Несмотря на скудность припасов и спешность подготовки, в Каусивере успели испечь пирожки с творогом. Взбить кастрюлю манного мусса. И булок тоже напекли достаточно. Но это потребовало большой охоты за дрожжами.

За столом проклинали жизнь под немцем: оккупант определял даже, какой должна быть водка, которую позволительно производить и пить эстонцу. Черт побери! Словно водой разбавили. По немецкой указке совсем испортили знаменитую на весь мир эстонскую водку.

Конечно, «родник» настоящего крепкого напитка не пересох. В каждом ольшанике капал «лесной шум». За десять литров самогона можно было выменять пятьдесят килограммов сахара. А, скажем, такой важный в деревне человек, как кузнец, даже и слушать крестьянина не станет, пока тот не выставит бутылку.

В Каусивере старики кидали в себя «волчью примочку» словно воду на каменке в парилке. Женщины тоже не слишком отставали. Говорили, что согревают живот. Ни одного трезвенника не нашлось. Но никто и не перепился так, чтобы ноги не держали. Никто не свалился в канаву по дороге домой.

Перепели все застольные песни и начали сначала.

Только мать крестника Анна оказалась от всего в стороне. Вид у нее был обиженный. Из-за того, что проявленное к ней сочувствие было, по ее мнению, не таким, какого она заслуживала в своем несчастье. Несчастье же было безмерным: два паренька вынуждены были участвовать в последнем действии трагедии войны. Чуть не за волосы их туда втащили. А последний ребенок дышал на ладан у нее в руках.

Кое-кто думал: пожалуй, так оно и лучше. Если сразу за крестильной рубашонкой наденут покойницкий саван, не надо будет и начинать эту достойную сожаления жизнь.

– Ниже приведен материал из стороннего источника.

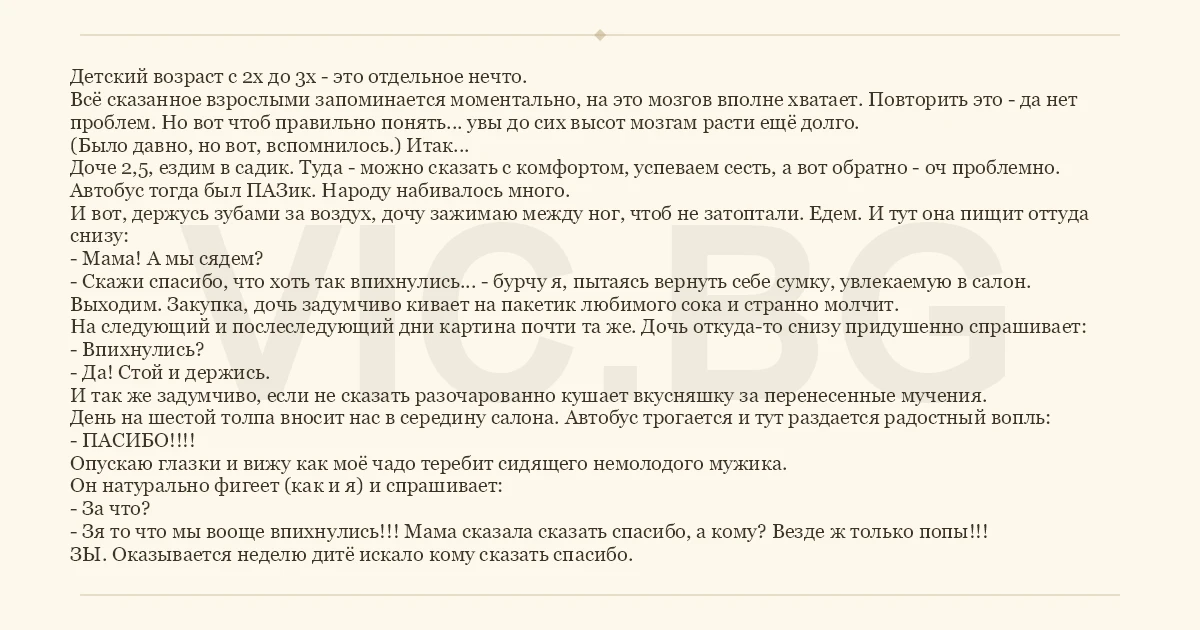 Детский возраст с 2х до 3х - это отдельное нечто. Всё сказанное взрослыми запоминается моментально, на это мозгов вполне хватает. Повторить это - да нет проблем. Но вот чтоб правильно понять... увы до сих высот мозгам расти ещё долго. (Было давно, но вот, вспомнилось.) Итак... Доче 2,5, ездим в садик. Туда - можно сказать с комфортом, успеваем сесть, а вот обратно - оч проблемно. Автобус тогда был ПАЗик. Народу набивалось много. И вот, держусь зубами за воздух, дочу зажимаю между ног, чтоб не затоптали. Едем. И тут она пищит оттуда снизу: - Мама! А мы сядем? - Скажи спасибо, что хоть так впихнулись... - бурчу я, пытаясь вернуть себе сумку, увлекаемую в салон. Выходим. Закупка, дочь задумчиво кивает на пакетик любимого сока и странно молчит. На следующий и послеследующий дни картина почти та же. Дочь откуда-то снизу придушенно спрашивает: - Впихнулись? - Да! Стой и держись. И так же задумчиво, если не сказать разочарованно кушает вкусняшку за перенесенные мучения. День на шестой толпа вносит нас в середину салона. Автобус трогается и тут раздается радостный вопль: - ПАСИБО!!!! Опускаю глазки и вижу как моё чадо теребит сидящего немолодого мужика. Он натурально фигеет (как и я) и спрашивает: - За что? - Зя то что мы вооще впихнулись!!! Мама сказала сказать спасибо, а кому? Везде ж только попы!!! ЗЫ. Оказывается неделю дитё искало кому сказать спасибо.

Крестины были мрачными. Основа жизни, известно, соткана из рождения, жизненных передряг и смерти. С одной стороны — плач, с другой — смех. Так всегда и жили. Но все равно зубоскалить не уставали. Кто попадался на зубок, того и покусывали. Деревенские старухи щелкали челюстями, как стая цапель у лягушачьего ручья. Брались обсуждать тех, кто вел позиционную борьбу с невесткой. И тут осиные жала кололи больнее всего.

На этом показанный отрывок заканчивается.